Son of a Witch is brilliant precisely BECAUSE it tackles the exact problems that I listed above. As our story opens, Liir is cast aside from all that he has ever known. Elphaba is dead, his extended family has been kidnapped, and he can't even keep the attention of the vacuous-yet-well-meaning Dorothy. Lacking any real skills, he is thrown, friendless, into a world that he doesn't understand and that is far beyond his control.

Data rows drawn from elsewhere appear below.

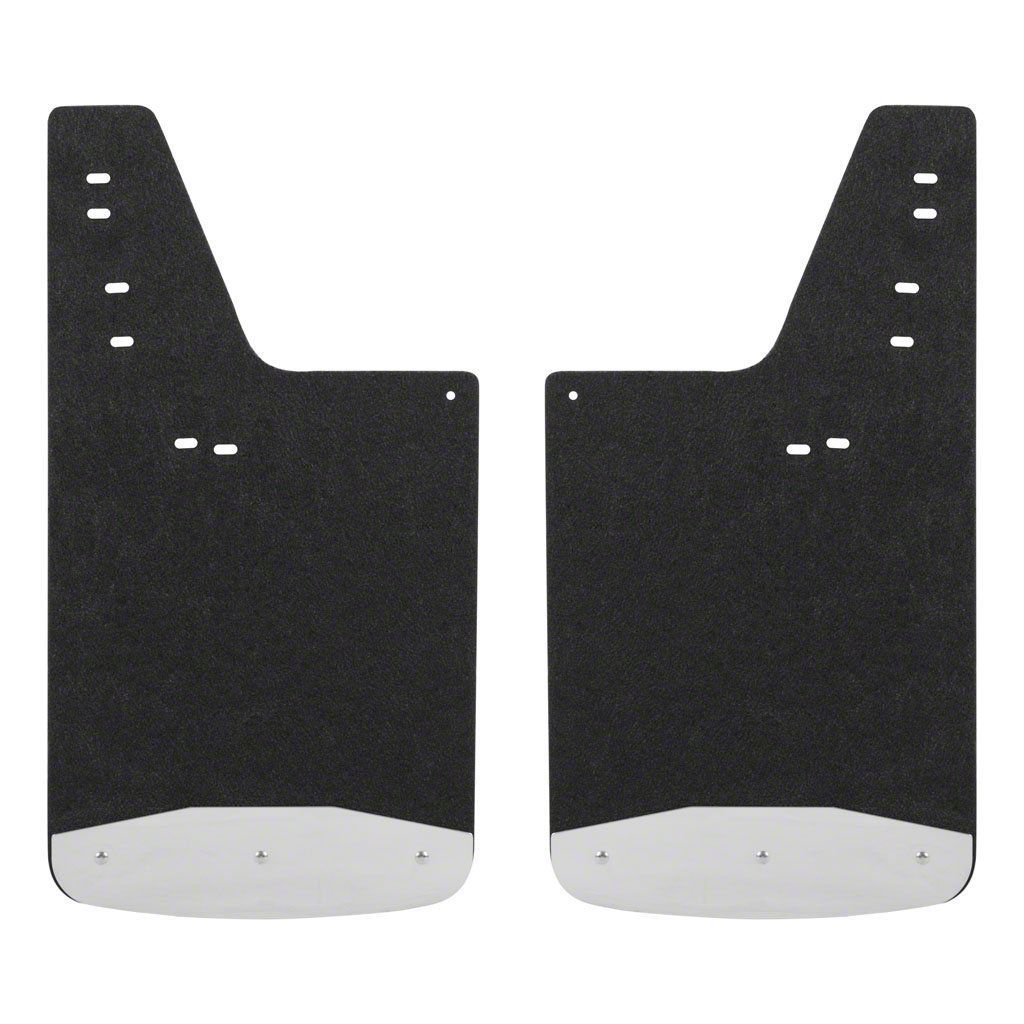 Construction. This pair of Textured Rubber Front or Rear Mud Guards are made of 3/8-inch thick recycled rubber flaps, which offer some flex, but also ward off scrapes. The textured rubber surface keeps up a clean appearance. There are high-polish, 18-gauge stainless steel plates and high-strength steel brackets round off the beauty of the guards. These guards measure 12 inches x 23 inches.
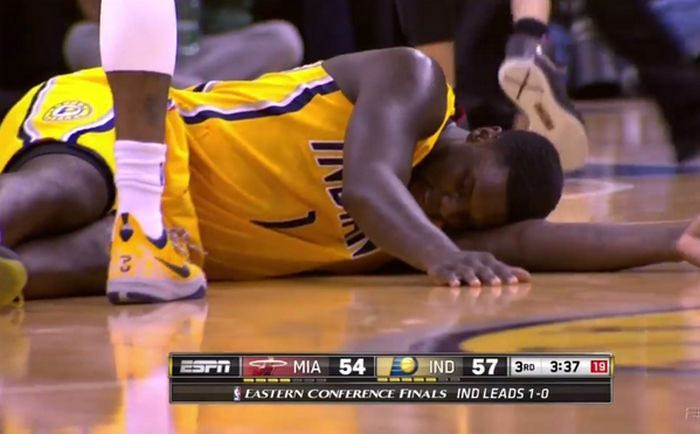 Ξερός έπεσε στο παρκέ στην αναμέτρηση των Πέισερς με τους Χιτ ο Λανς Στίβενσον, ο οποίος μετά από σπρώξιμο του Λεμπρόν Τζέιμς σωριάστηκε στο έδαφος και παρέμεινε εκεί, προσπαθώντας να... ξεκουραστεί.
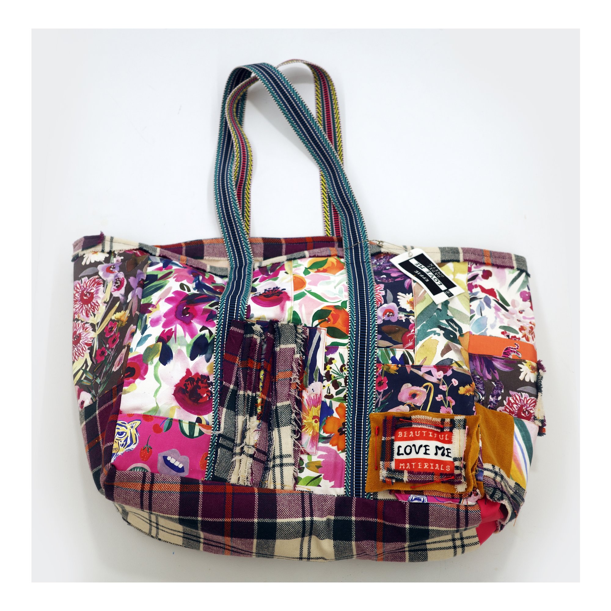 This bag comes from thinking about women’s work and the kinds of labour we are taught to value or overlook. Textiles, sewing, mending and patchwork; repetitive work that often goes unseen. I wanted to use unfinished projects offcuts and patches to lovingly re purpose remnants. Effie is made from fabric offcuts from my collections printed in Dundee on cotton drill, patched velvet and cloth with overlocked seams used as decorative detail from an unfinished skirt belonging to a friend’s late mum. I stitched the panels to show her original tacking, seam work and plaid structure while keeping the making visible. Everything was brought back together on the machine at my kitchen table. I enjoyed making her. (No swearing at the machine which is a first. ) There was no pressure on the outcome. Just patching cloth and working on my top stitching which reflects a desire to do, make and consume less and better. Treat her well. She will weather with love. No hot wash.

For the first half of the book, Liir is truly a pitiable soul. He loses his home, then he loses his innocence. Seeing the corruption of the world around him, he hides away and abandons those who he has decided he cannot help. Liir is constantly making comparisons between himself and the woman he imagines might be his mother. He fully understands how inadequate he is in this match-up and wastes only a little while on pity for himself before he gives up and throws his lot in with the soldiers of the Emerald City. Liir learns more of discipline in the army and he has time to catch up to his peers in learning and wisdom. When another betrayal and more evidence of corruption come up during his service, he has the skills to roll with the fate life has dealt him.



What follows is a remarkable blossoming of Liir's character. His lack of confidence and grace give way to a sort of bitter-sweet recognition of the way that the world works. He develops a well-honed sense of irony and healthy self-depreciating humor - one that was not immediately apparent to me during my first read, but which is all the more precious for being so well hidden.



In the end, Liir has become a hero, though he does not even recognize this himself. Perhaps this is because his heroics are not those fit for a bedtime story of Brothers Grimm. Instead, Liir is a well-rounded man of principals and compassion. He is a hero in a world where the princesses are not always innocent and lovely. A hero in a place where the dragons are still terrible, but less so than the Machiavellian schemes of the humans behind them. A hero in a time when one man, no matter how devoted, must recognize his own limitations and inability to remake the world in a better light.